DATA PROVIDED:
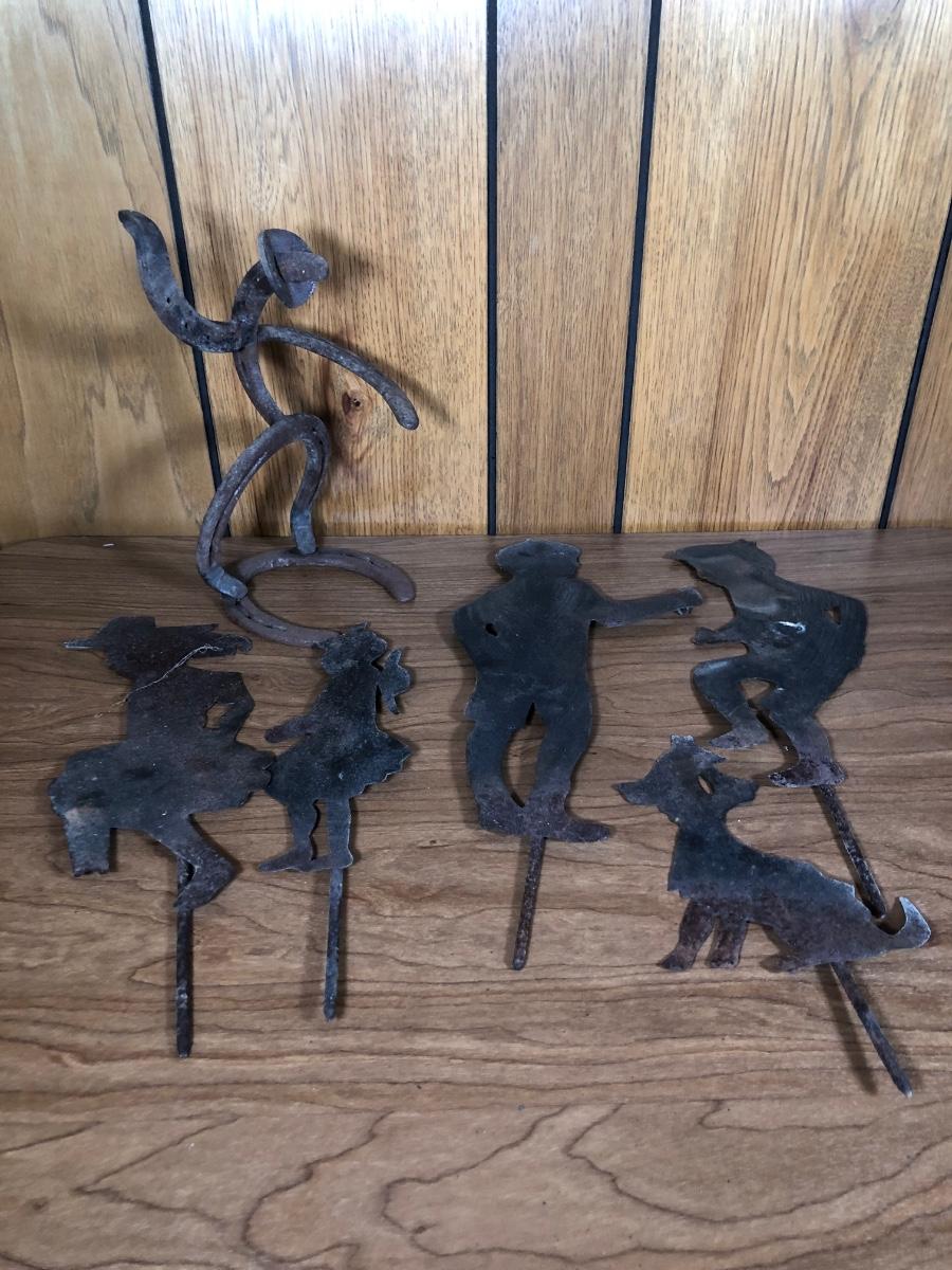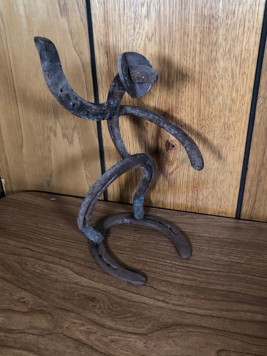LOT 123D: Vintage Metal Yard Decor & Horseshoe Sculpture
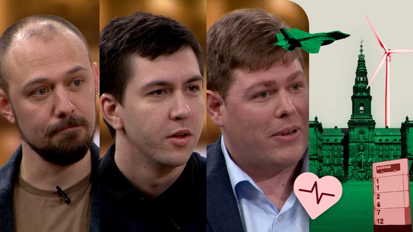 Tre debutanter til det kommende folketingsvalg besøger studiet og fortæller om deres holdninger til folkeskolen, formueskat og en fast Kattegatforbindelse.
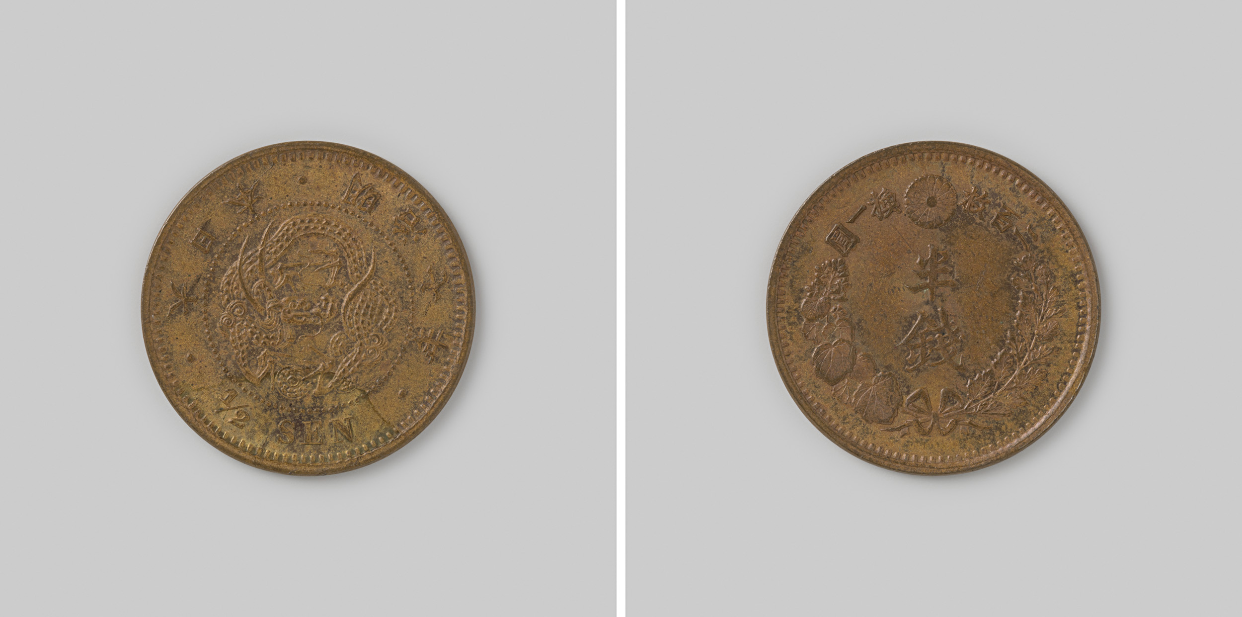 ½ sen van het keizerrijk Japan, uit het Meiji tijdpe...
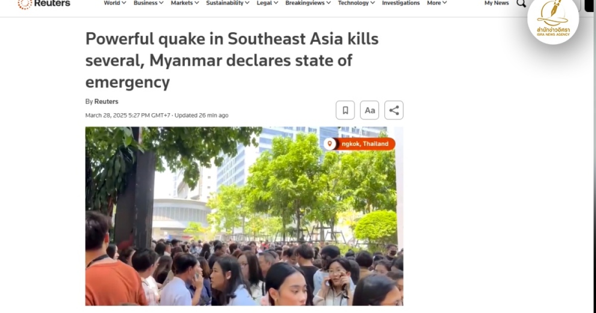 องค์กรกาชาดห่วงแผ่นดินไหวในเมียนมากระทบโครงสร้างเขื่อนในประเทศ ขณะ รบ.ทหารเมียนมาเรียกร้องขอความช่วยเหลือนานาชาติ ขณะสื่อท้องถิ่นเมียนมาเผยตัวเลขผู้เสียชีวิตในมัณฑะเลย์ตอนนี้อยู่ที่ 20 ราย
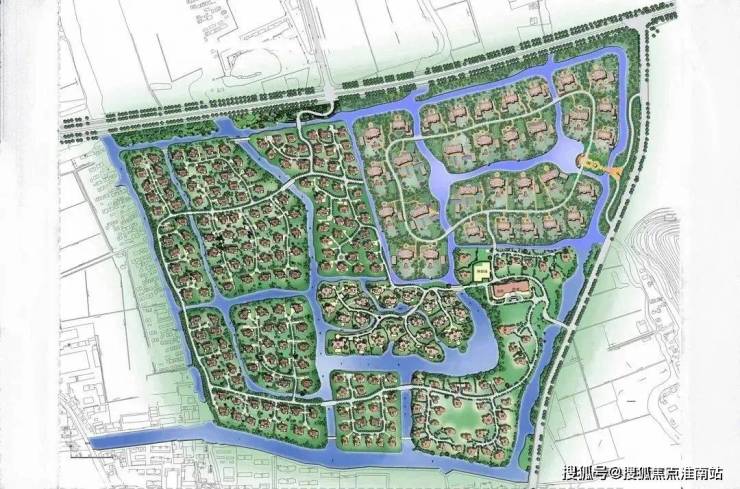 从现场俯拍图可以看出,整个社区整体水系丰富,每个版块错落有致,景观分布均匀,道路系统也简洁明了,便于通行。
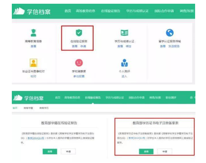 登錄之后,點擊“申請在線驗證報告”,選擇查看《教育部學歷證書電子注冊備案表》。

ABOUT THIS TASK: Everything from the line containing "½ sen van het" through the last line of the entries must be repeated verbatim, except pictures.

RESULT OF THE TASK:
 ½ sen van het keizerrijk Japan, uit het Meiji tijdpe...
 องค์กรกาชาดห่วงแผ่นดินไหวในเมียนมากระทบโครงสร้างเขื่อนในประเทศ ขณะ รบ.ทหารเมียนมาเรียกร้องขอความช่วยเหลือนานาชาติ ขณะสื่อท้องถิ่นเมียนมาเผยตัวเลขผู้เสียชีวิตในมัณฑะเลย์ตอนนี้อยู่ที่ 20 ราย
 从现场俯拍图可以看出,整个社区整体水系丰富,每个版块错落有致,景观分布均匀,道路系统也简洁明了,便于通行。
 登錄之后,點擊“申請在線驗證報告”,選擇查看《教育部學歷證書電子注冊備案表》。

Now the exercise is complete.